## [Exercise material]
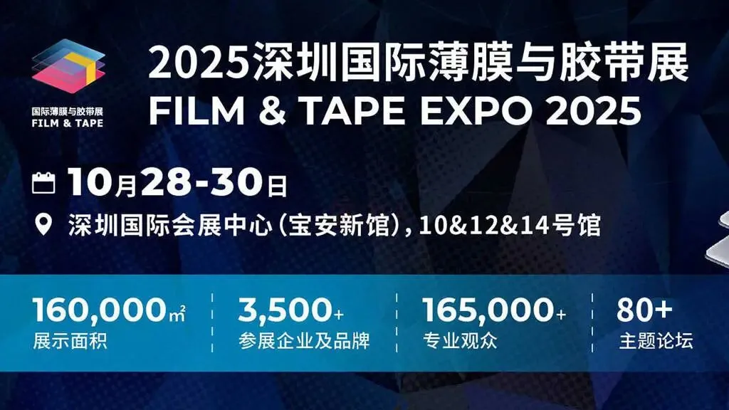 深圳国际薄膜与胶带展(FILM & TAPE EXPO)将于2025年10月28日-30日在深圳国际会展中心(宝安新馆)举办,作为薄膜胶带与涂布模切领域的风向标展会,本届展会将联合深圳国际全触与显示展、亚洲电子生产设备暨微电子工业展、深圳国际智能网联汽车产业展览会、深圳电子元器件及物料采购展览会、智能工厂及自动化技术展览会等多展同期。超14万平方米的超级展览盛宴,规模空前,预计吸引160,000名行业优质买家到场。
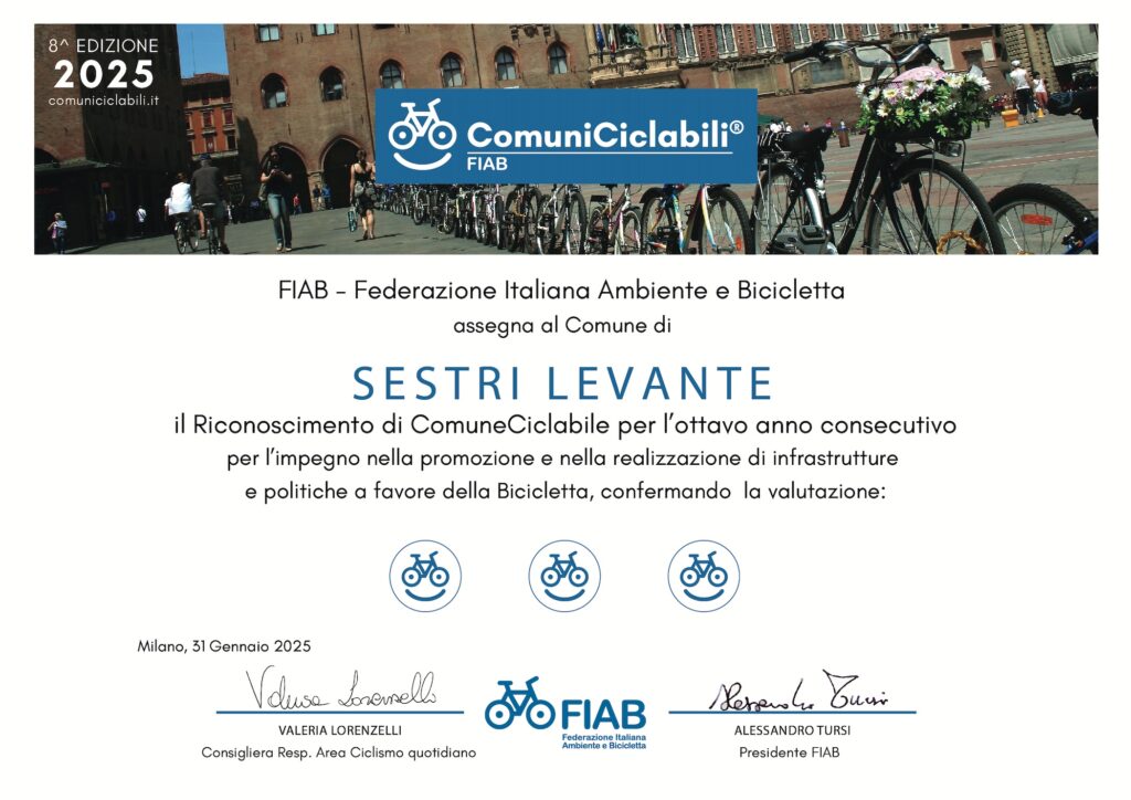 Il Comune di Sestri Levante ha aderito sin dalla prima edizione del progetto ottenendo tre “bike smile” su una scala di cinque.
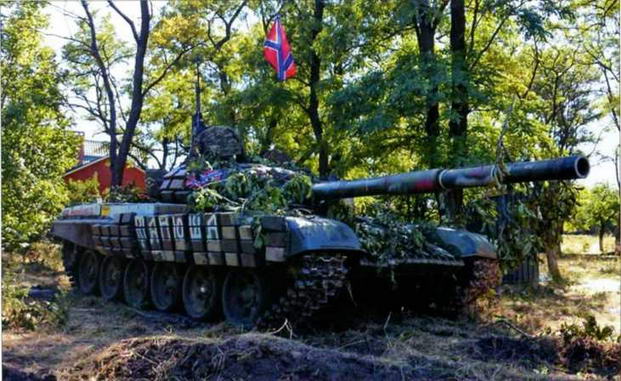 Танк Т-72Б ополчения на фронте. Донбасс, 2014 г.
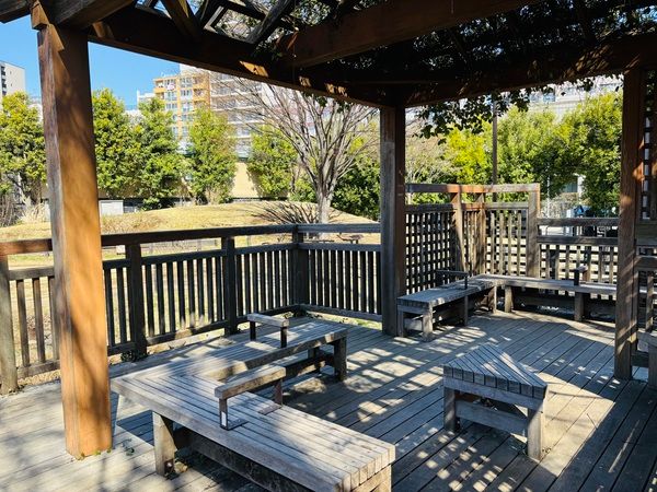 杉並区立中央図書館は、2020年にリニューアルオープンし、子連れに優しく、学生たちにも嬉しい工夫が満載の図書館へと生まれ変わりました。その図書館に隣接するこちらの公園は、図書館で借りた本を読む方がいたり、子連れで遊びに来ている方がいたり、と地域の憩いの場となっています。
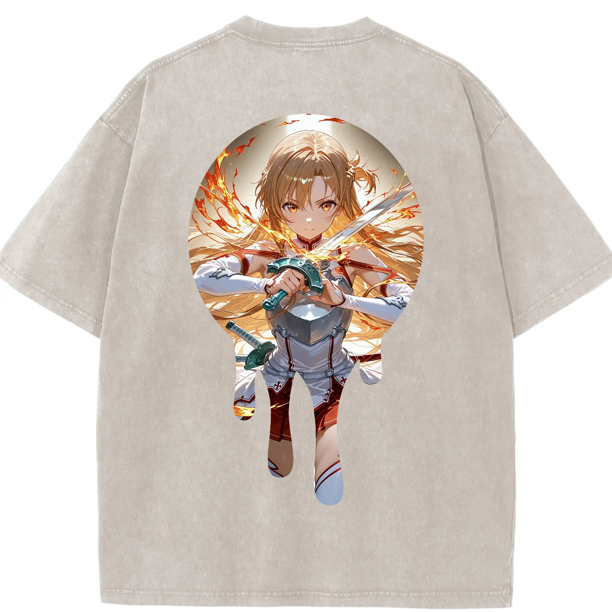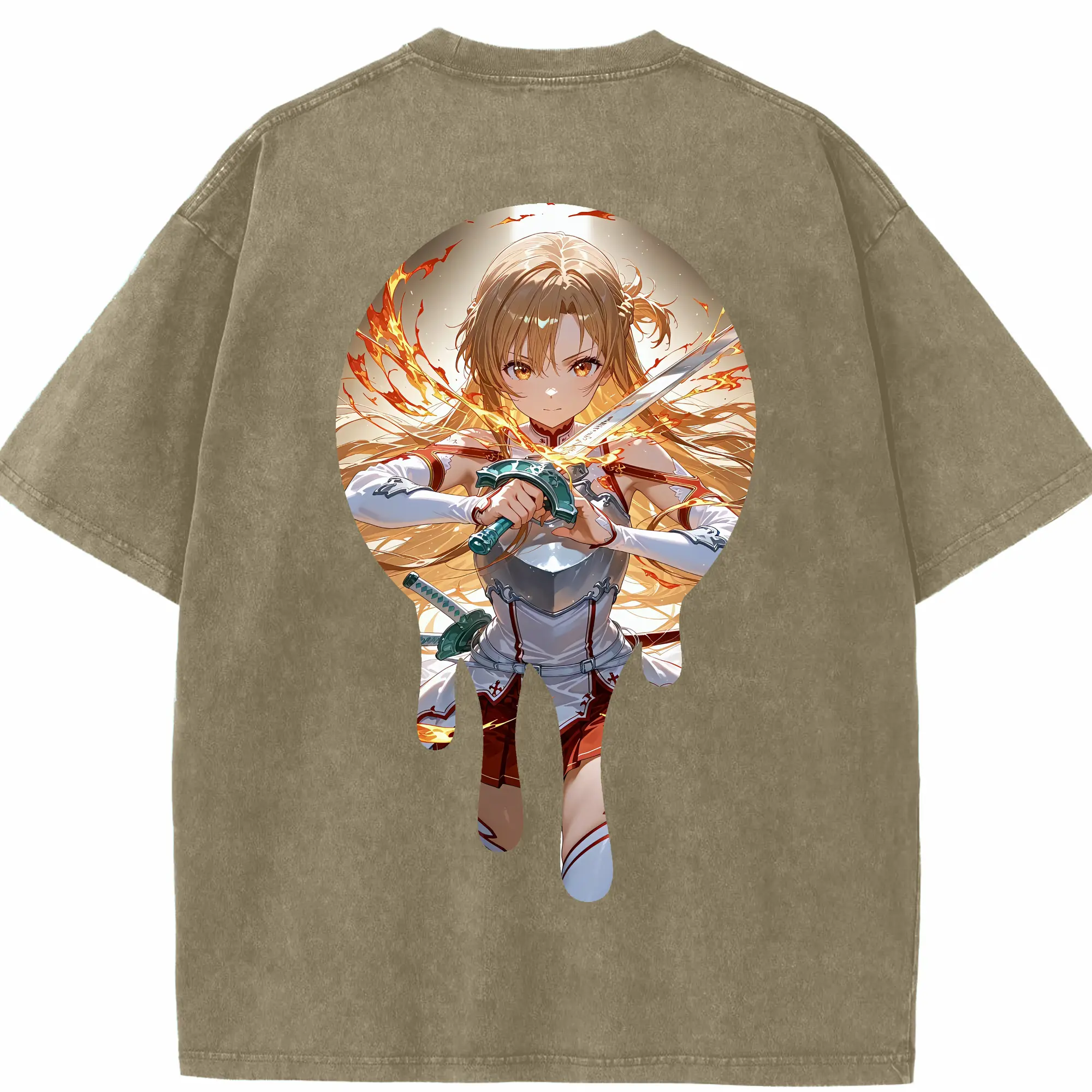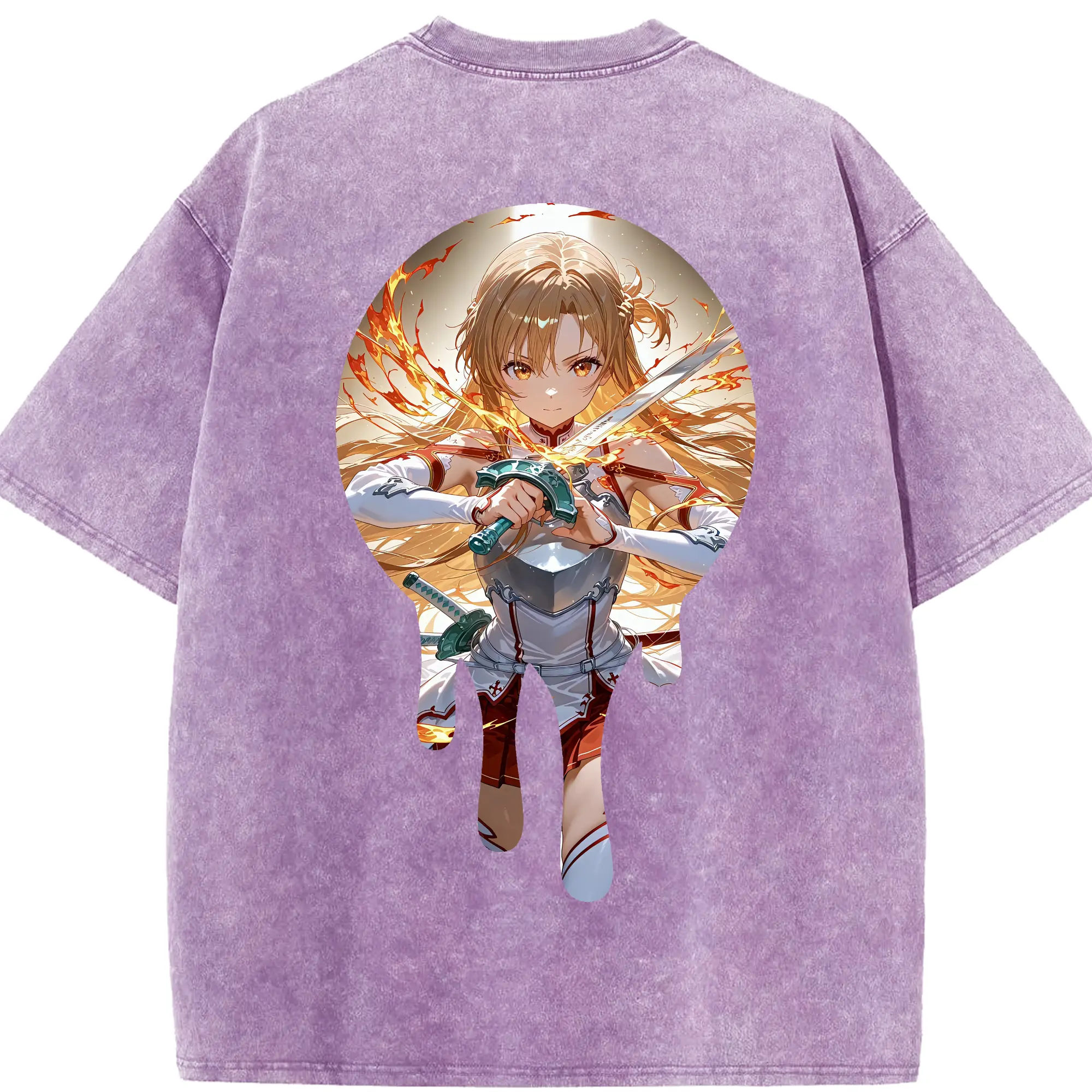 ソードアートオンライン グッズ アスナ - 綿100% ヴィンテージ風 半袖Tシャツ ・ フロントプリント ・ 柔らか肌触り ・ 通気性 快適 ・ スポーツ カジュアル 外出用

## [Task]
In the listing above, find the line with "Il Comune di" and the line with "Танк Т-72Б ополчения". Output both, plus every line between them, and no pictures.

## [Reply to the task]
 Il Comune di Sestri Levante ha aderito sin dalla prima edizione del progetto ottenendo tre “bike smile” su una scala di cinque.
 Танк Т-72Б ополчения на фронте. Донбасс, 2014 г.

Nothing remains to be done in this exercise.